Mice were anaesthetized with isoflurane (1.5% in oxygen) and maintained at 37 °C for the duration of the surgery. Analgesia was provided with subcutaneous injections of carpofen (5 mg kg⁻¹) or buprenorphine (0.05 mg kg⁻¹). Lidocaine (1% in 0.9% NaCl) was injected under the scalp to provide topical analgesia. Eyes were protected from desiccation with ointment (Puralube, Dechra). The scalp was resected, and the skull was cleaned with betadine. A surgical screw was implanted on the skull between the eyes and nuts were glued to the skull above the bregma suture, allowing the fixation of a headplate with bolts.

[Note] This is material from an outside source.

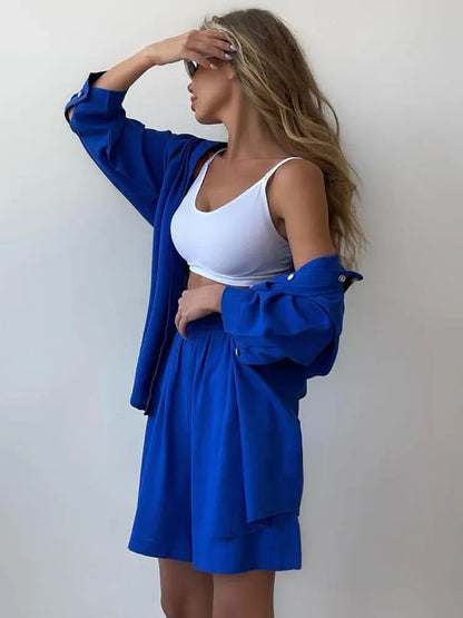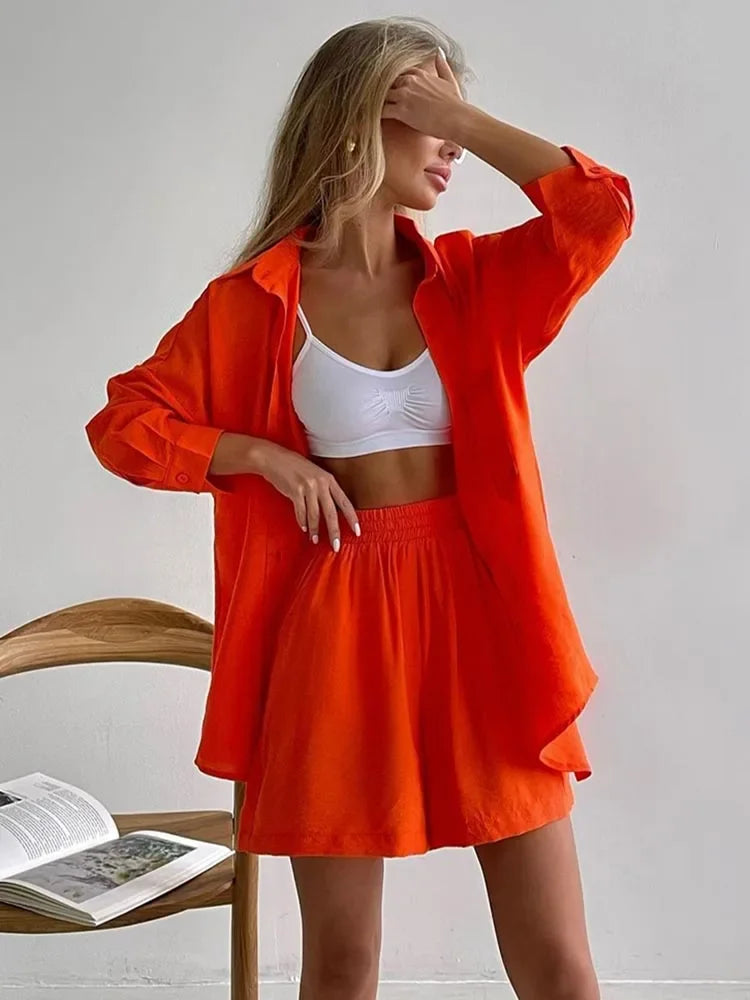 Summer Women's Suit Cotton Casual Shorts and Shirts 2 Piece Matching Outfit Set Linen Fashion Blouse Women's Suit

For chronic electrophysiology, two craniotomies were performed above V1 on the left hemisphere (approximately 0.15 mm in diameter; 3.75 mm posterior and 2.5 mm lateral from Bregma) and above the cerebellum (0.4 mm diameter; approximately 6 mm posterior from Bregma), respectively. An A16 probe with a CM16 connector (Neuronexus) was lowered into V1. Ground and reference wires were inserted above the cerebellum.

For acute electrophysiology, a circular plastic ring (approximately 2.5 mm in diameter) was glued on the skull above V1. The skull inside the ring was protected with cyanoacrylate.

For optogenetic inactivation of V1 coupled to behaviour, ChR2 was expressed in PV-expressing interneurons as previously described^65,66,67,68. Craniotomies were performed in PV–Cre⁺ mice above V1 (3.75 mm posterior and 2.5 mm lateral from Bregma) on each hemisphere and 1 µl of AAV5-Ef1a-DIO-ChR2-eYFP (Addgene) was injected 300 µm deep at a concentration of approximately 10¹² vg ml⁻¹. Optical canulae (Doric Lenses) were positioned above the dura.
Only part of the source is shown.